For Ukraine, it’s no-joke cleanup time

A president’s anti-corruption party sweeps into power by riding on an upsurge in demand for clean governance. First task: Make it easy to remove corrupt officials.

Reuters
Youth are seen in the yard in central Kiev, Ukraine, July 24.

In the history of democracy, this may be a first: Ukraine’s new president, Volodymyr Zelenskiy, who won by a landslide in April, just saw his party win big in an election for parliament on Sunday. And what is one of his top priorities? He will ask the new lawmakers to make it easy to impeach him.

The former TV comedian wants to be given the hook if he turns out to be a crook.

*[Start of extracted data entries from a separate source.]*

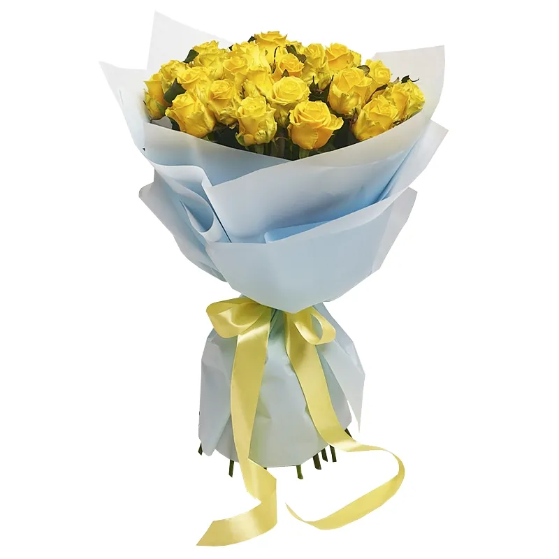 Букет із 21 жовтої троянди «Сонячний оксамит»
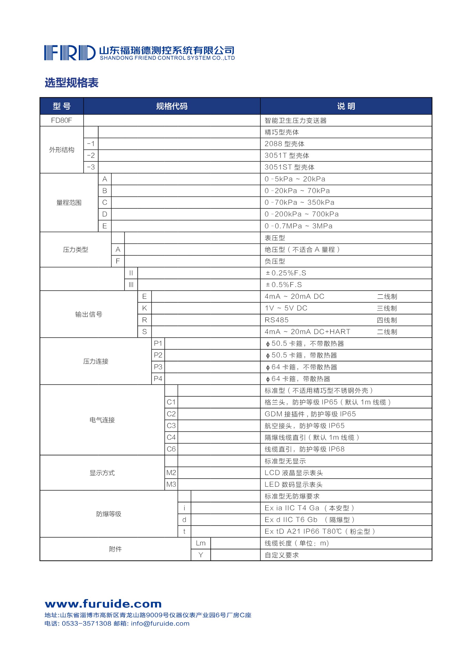 综合精度:0.1%f.s 0.25%f.s 0.5%f.s可选
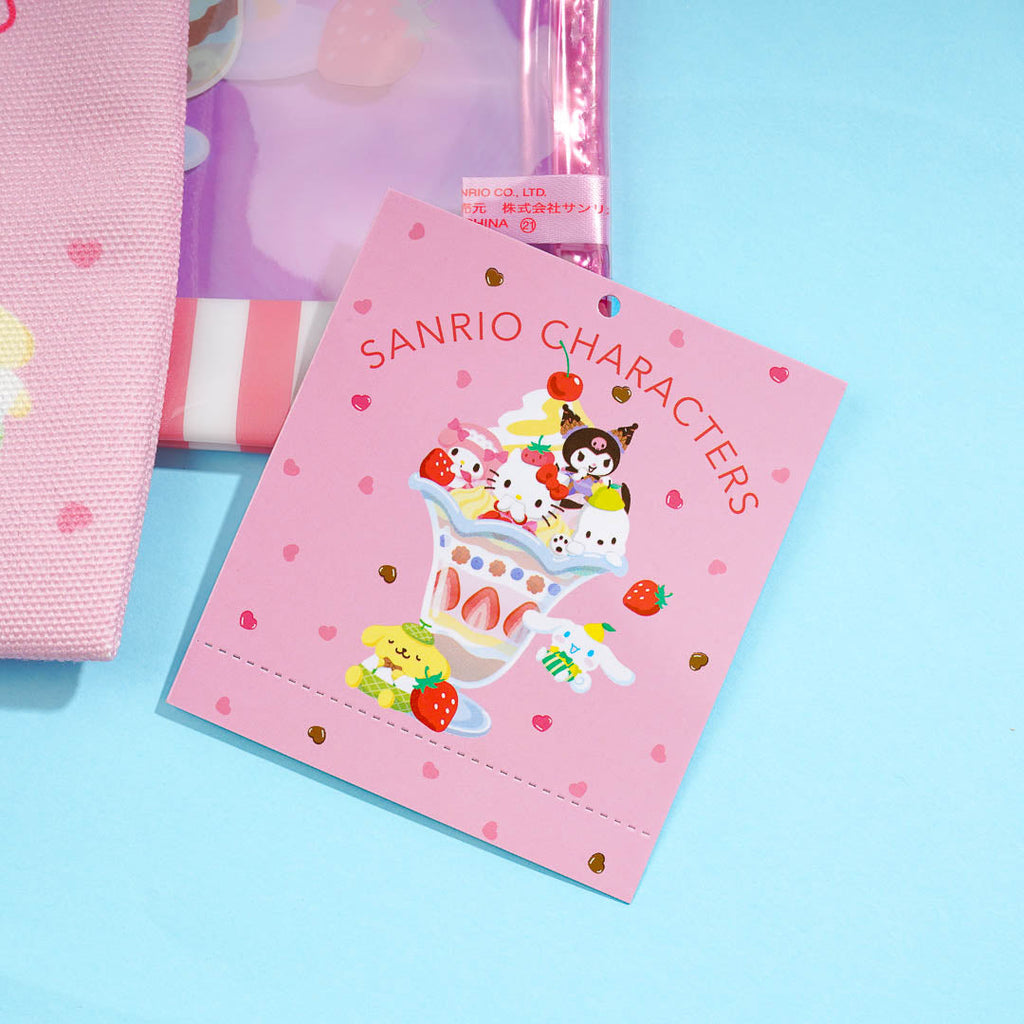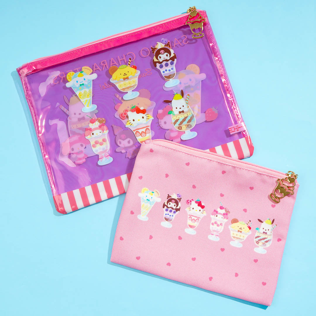 Use this set of kawaii pouches to organize your travel essentials! It showcases cute prints of Sanrio Characters and fruit parfaits. The large pouch is made from waterproof transparent material and the small pouch is made from nylon.
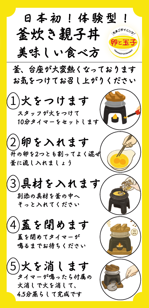 “日本初の体験型 釜炊き親子丼”の楽しみ方を紹介。お客様自身で火をつけ、卵を割り入れ、炊き上げることで完成する“参加型の食体験”です。
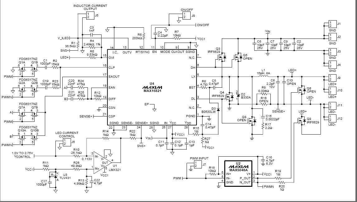 - 使用MAX16821 PWM HB LED驅動器實現降壓轉換

The proposal is only one of Mr. Zelenskiy’s planned anti-corruption reforms. He also seeks to abolish the official immunity from prosecution that members of parliament enjoy – a protection that past lawmakers have used to hide their corrupt dealings. And he plans to ensure corruption-fighting agencies are independent of political control. He has a long list of institutional solutions.

As one of Europe’s most corrupt countries – and its largest – Ukraine has begun a sweep out of old practices that have driven corruption. The election results on Sunday reflected the dramatic upsurge in popular demand for clean and transparent governance: More than two-thirds of the new MPs have never been in parliament before. And the fresh faces are not all. The new president and his anti-corruption party, Servant of the People, will command the country’s first ruling majority, giving it both a chance and a mandate for concrete reform.

Two previous attempts at fixing Ukraine’s democracy, the 2004 Orange Revolution and the Maidan Revolution of 2014-15, failed to bring major changes. Yet as Ukrainians still eagerly hope to join the European Union – and as Russia tries to hold them back and ensure oligarchic rule – this time may be the best opportunity to instill civic virtues in public life.

“Years of public debate have given rise to a broad and sensible consensus around reforms,” writes Ukraine expert Anders Åslund at the Atlantic Council. “The question is no longer what to do but whether it will actually be done.”

Europe’s largest country in the west, Britain, may be leaving the EU soon. But the 45 million strong Ukrainians are impatient to join the bloc, which they see as helping ensure an end to corrupt rule. First they will need to finish the task themselves. One of the initial tests will be making it easy to impeach a president, thus showing the humility to be held accountable is an important public virtue.